Data scientists may apply traditional machine learning algorithms to solve complex problems. However, these models don’t adapt to new circumstances as they are somewhat static. This means that as the market changes, the models may not work as brilliantly, because they failed to account for the market change. However, with new techniques such as Deep Learning combined with cognitive computing, models are moving towards an artificially intelligent system that not only analyzes large amounts of data at speed, but also uses that data and it’s outcomes to improve themselves.

IBM did research into a European bank whose sales teams follow detailed approval processes to fully vet potential trades for complex transactions involving institutional clients. Since the process requires a lot of approvals relating to credit and market risk constraints, compliance issues and regulatory policies, it is very time consuming. Sometimes, the market changes in the middle of the process, rendering the initial recommendation obsolete. Utilizing a cognitive system can speed up information digestion of the policies and regulatory documents, enabling more opportune trade recommendations based on the latest information and market conditions.
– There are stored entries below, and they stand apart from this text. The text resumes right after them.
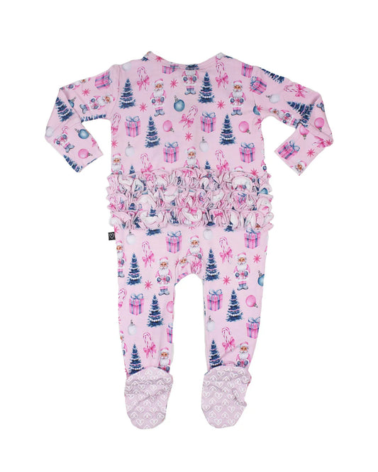 Cowgirl Christmas 2 Way Zipper Ruffle Back Footie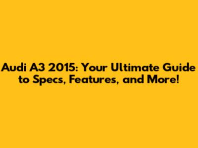 Audi A3 2015: Specs, Features & More!
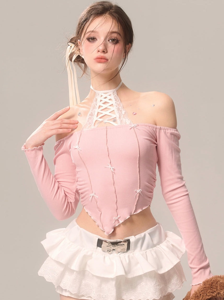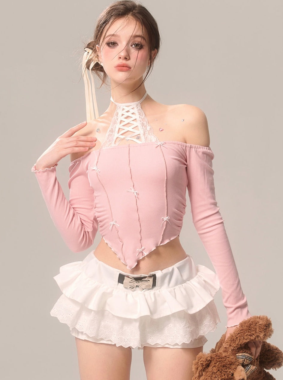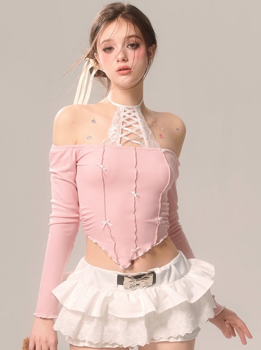 甘くてアシンメトリーなトップスで、個性をアピール。トップスのリボンがキュートなアクセントを添えます。どんなシーンにもぴったりで、人混みの中でもひときわ目を引くこと間違いなし。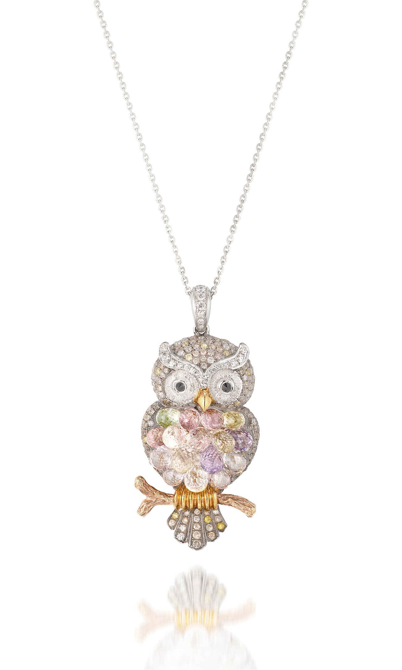 Designed as an owl perching on a branch, the body set with briolette white, pink, yellow and purple sapphires, highlighted with brilliant-cut diamonds, black diamonds and diamonds of brown tint, together with a white gold chain, mounted in gold, pink and white gold, necklace length approximately 405 mm, pendant length approximately 34 mm.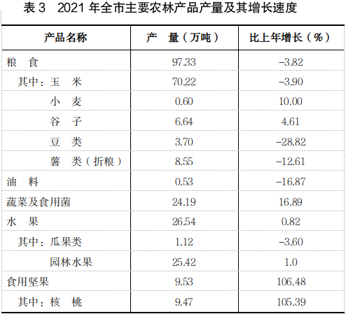 全年全市农作物种植面积355.28千公顷,比上年增加4.73千公顷。其中,粮食种植面积330.59千公顷,增加0.45千公顷;油料种植面积5.35千公顷,减少0.57千公顷;蔬菜种植面积10千公顷,增加1.26千公顷。在粮食种植面积中,玉米种植面积171.26千公顷,增加2.1千公顷;小麦种植面积1.95千公顷,增加0.04千公顷。果园面积58.77千公顷,增加8.33千公顷。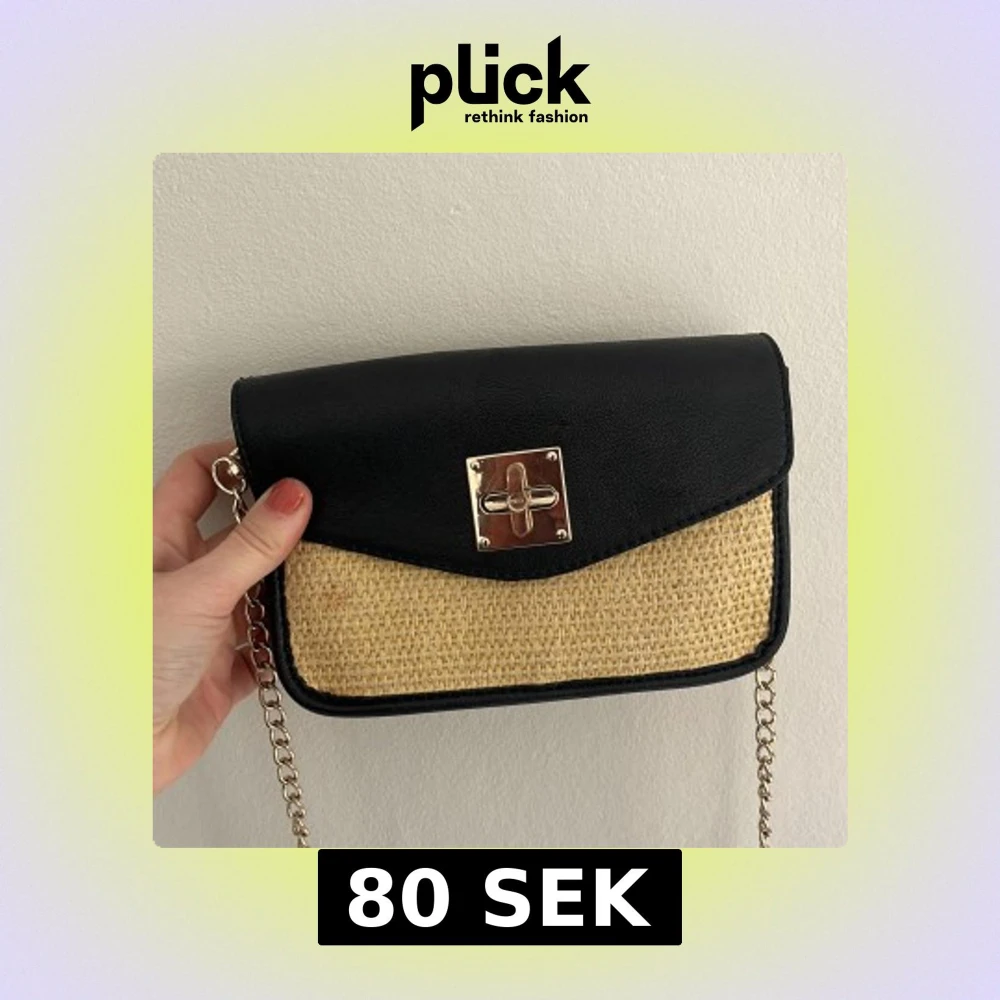Snygg DKNY axelväska i svart och beige med en stilren design. Väskan har en guldfärgad låsdetalj och en kedjerem kombinerad med justerbar axelrem i svart. Perfekt för att ge en touch av elegans till din outfit. Några mindre småskador (se bilder) men inget som stör, därav priset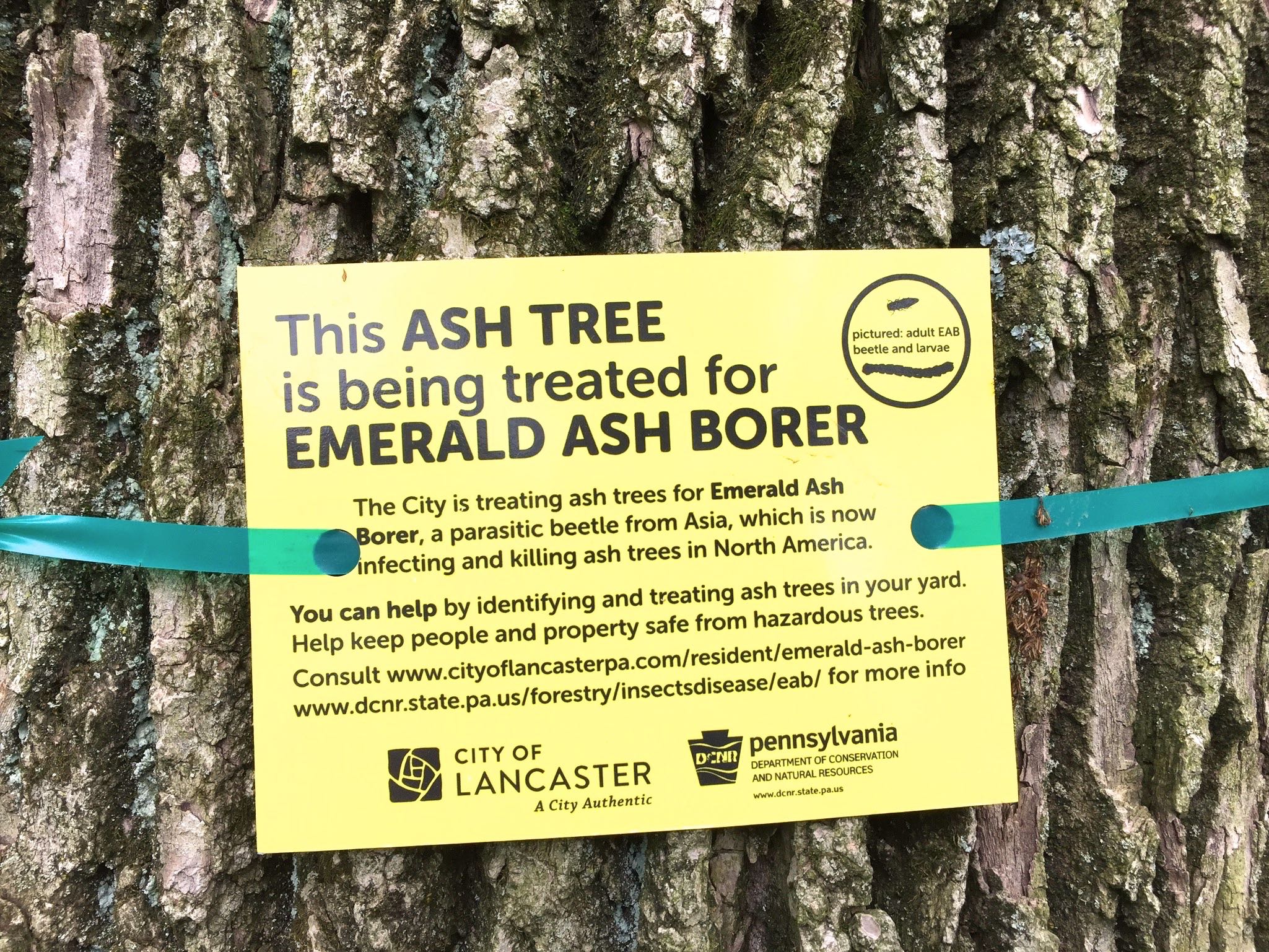 If you spend much time around Long’s Park and other parks maintained by the City of Lancaster, you’ll notice these little yellow signs. I’ve included one below in case you were curious and also so you can look out for the Emerald Ash Borer in your own back yard!
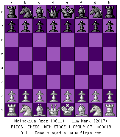 Last move : 0-1 2018 April 22 21:35:23 [Event "FICGS__CHESS__WCH_STAGE_1_GROUP_07__000019"] [Site "FICGS"] [Date "2018.03.23"] [Round "1"] [White "Mathakiya,Azaz"] [Black "Lim,Mark"] [Result "0-1"] [WhiteElo "0611"] [BlackElo "2017"] 0-1 This chess game has been lost on time (started : 2018.03.23 18:23:7) Player Black won this chess game. Follow this game move after move (download)I believe that Chess possesses a magic that is also a help in advanced age. A rheumatic knee is forgotten during a game of Chess and other events can seem quite unimportant in comparison with a catastrophe on the chessboard. (Vlastimil Hort) Ja, jede Frau in Holland liebt mich bestimmt, und alle Männer hassen mich. (Loek van Wely) El Ajedrez es el gimnasio de la mente. (Blaise Pascal) Les échecs sont plus proches de l'art de l'assassinat que de l'art de la guerre. (Arturo Perez-Reverte) Dave, my mind is going. I can feel it. (HAL 9000 in 2001, a space odyssey)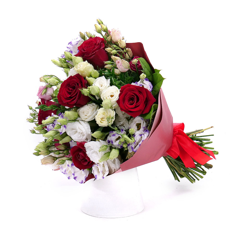 Sweet červené růže a barevný lisiantus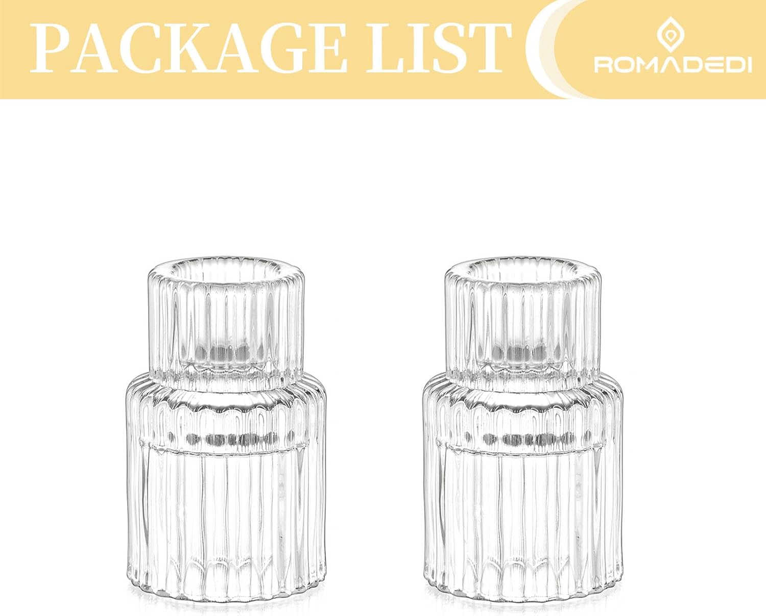 Romadedi Glass Candle Holder for Candlestick - 2Pcs Clear Small Tapered Candle Holders Wedding Decor Table Centerpiece for Candle Sticks Christmas Party Table Living Room Dinner Advent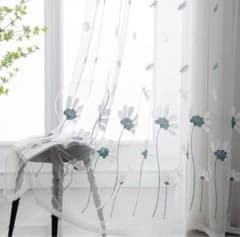 新品 レースカーテン 刺繍 100x220 2枚セット 青色の花柄 雰囲気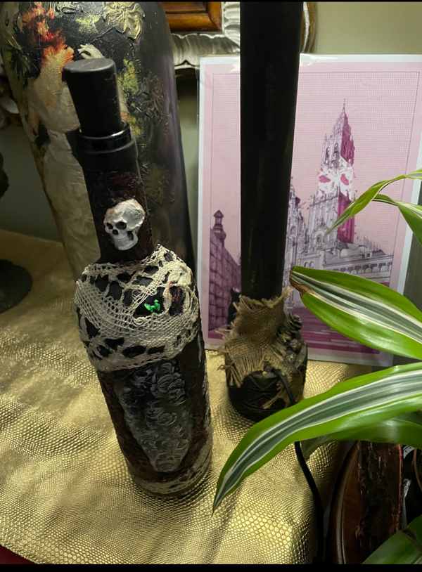 "La Guardiana del Umbral" – Lámpara de Botella de Técnica Mixta

The impact for customers will be performance related. Either the AI enhanced product will be better or worse than the traditional model. This will obviously depend on the AI and the fund. In theory, customers would also be served at a faster speed since AI could speed up much of the decision making process because of better outputs (results). Data prep and processing remains as it was. It’s not so that a recurrent neural network will gather the data by itself, that’s something humans still need to build. Although, in 20 years or so, there may be some automated feature extraction, we’re still a long way away from AI that does all this by itself. However, banks would be experiencing a huge change in their trading process and tread a fine line between determining what’s to be done by an expert and what’s to be done by an AI crafted by the expert.

In summary, cognitive computing has the potential to transform personal banking, wealth management and trading. Consumers can expect benefits to quality of information, products and services and speed of service if the banks choose to utilize AI enhanced digital services like bots.